European Rice

In the Mediterranean countries of Europe, the consumption of rice has a particularly important socio-cultural significance, and its production also plays a vital ecological role.

Rice production in the European Union accounts for just 0.4% of the world total, but its products, especially in comparison with rice varieties from Southeast Asia, are of a superior quality in terms of nutrition, organoleptic characteristics and food safety, as well as sustainability. Indeed, the element that makes European rice truly special is the all attention paid to environmental issues that characterizes its production methods. Quality and respect for the environment bring even more flavour to the consumption of European rice.

How to recognize European rice

Globally, there are two main types of rice:

Japonica rice
Indica rice

The most prominent European rice is Japonica, which accounts for about 10% of world production. This rice, grown mainly in Mediterranean climates, has a grain that can be short, medium or long, and is typically marked and marketed with the names of the particular varieties. Italy, France, Spain and Portugal are among the major European Japonica rice producing countries. In the 1980s, Europe also began to produce grain rice varieties with a longer and more tapered form, similar to Indica, to meet the emerging needs of the Northern European market.

In recent years, aromatic varieties, originally from Southeast Asia, have been increasingly popular and have found a fervent niche for cultivation in Europe, with a growing proposal of Italian and European varieties. Also of great interest are varieties with a pigmented black or red pericarp, which have particularly interesting nutritional properties, as they are rich in anthocyanins and flavonoids.

The watchword is “sustainability”

Rice that is grown in Europe is distinguished by a series of unique characteristics acquired by the product during each of its production stages. First of all, the environment in which European rice is grown, the paddy field, contributes to safeguarding ecosystems, preserving rural areas, promoting biodiversity and combating climate change.

Indeed, European rice landscapes are synonymous with a rational use of environmental resources and respect for the balance of nature. Consuming European rice, therefore, means supporting these unique values, which form an integral part of the tradition and culture of our continent.

Where does the quality of European rice come from

Rice products from Italy, Portugal and France are a guarantee of quality and food safety. The varieties grown in these Mediterranean countries have unique organoleptic characteristics and their production is perfectly traced from the moment of their sowing right through to their sale.

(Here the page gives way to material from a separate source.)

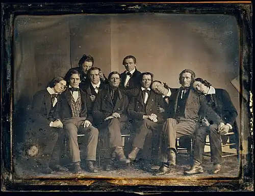 Nevertheless, the Hutchinsons were a hit, the first American close-harmony quartet to see such success.[5] They adopted the name "Tribe of Jesse" after further touring in 1843. Imitators appeared, and the Hutchinsons even toured with one of these, the Luca family, in 1859.[11] Four-part harmony became an important component of all American popular music.[12] Minstrel show troupes compared themselves to the Hutchinsons. In 1844, the Congo Minstrels advertised that "their songs are sung in Harmony in the style of the Hutchinson Family."[13] Other minstrels parodied the group. The Harmoneon Family Singers (later the Boston Harmoneons) wore powdered wigs and faces and called themselves the Albino Minstrels or the Albino Family in what was supposed to be a blackface show.[14]

By buying European rice, consumers know what they are putting on their plate: a safe product that respects the highest quality standards through every stage of production.

A guarantee that comes from checks and controls

To guarantee the quality of marketed products, in-depth checks, controls and analyses are carried out in European rice-producing countries that take into consideration a whole host of aspects. Various types of analyses are preformed, each based on assessments of the qualitative characteristics of individual grains. First of all comes their healthiness, which is guaranteed by compliance with legal limits on defects, heavy metals and pesticides.

Nutritional checks are then performed, with the results clearly communicated on labels accompanying the products and referring to the make-up of the rice, such as its content of carbohydrates, lipids, proteins, fibre, and so on.

Rice is, in fact, a peculiar product, and, in order to better understand its use in cooking, it is essential to consider amylose, the linear component of starch that determines its transformation on cooking in terms of properties such as consistency and stickiness. It is also important to consider the time it takes to gelatinize, which goes hand in hand with cooking time.

It is also worth highlighting the sensory analyses that can be performed on rice. In addition to general descriptive analyses, it is extremely important to determine the qualities of appearance, aroma and flavour, which are evaluated by a panel of judges who are experts in recognizing and discriminating the differences in aromatic varieties.

For all these reasons, the European rice that we bring to the table is great for the environment in which it is produced, but also offers certainties in terms of food safety, organoleptic properties and nutritional quality. It’s an excellence that perfectly marries the great culinary traditions of the three major producing countries, becoming one of their most authentic and genuine expressions.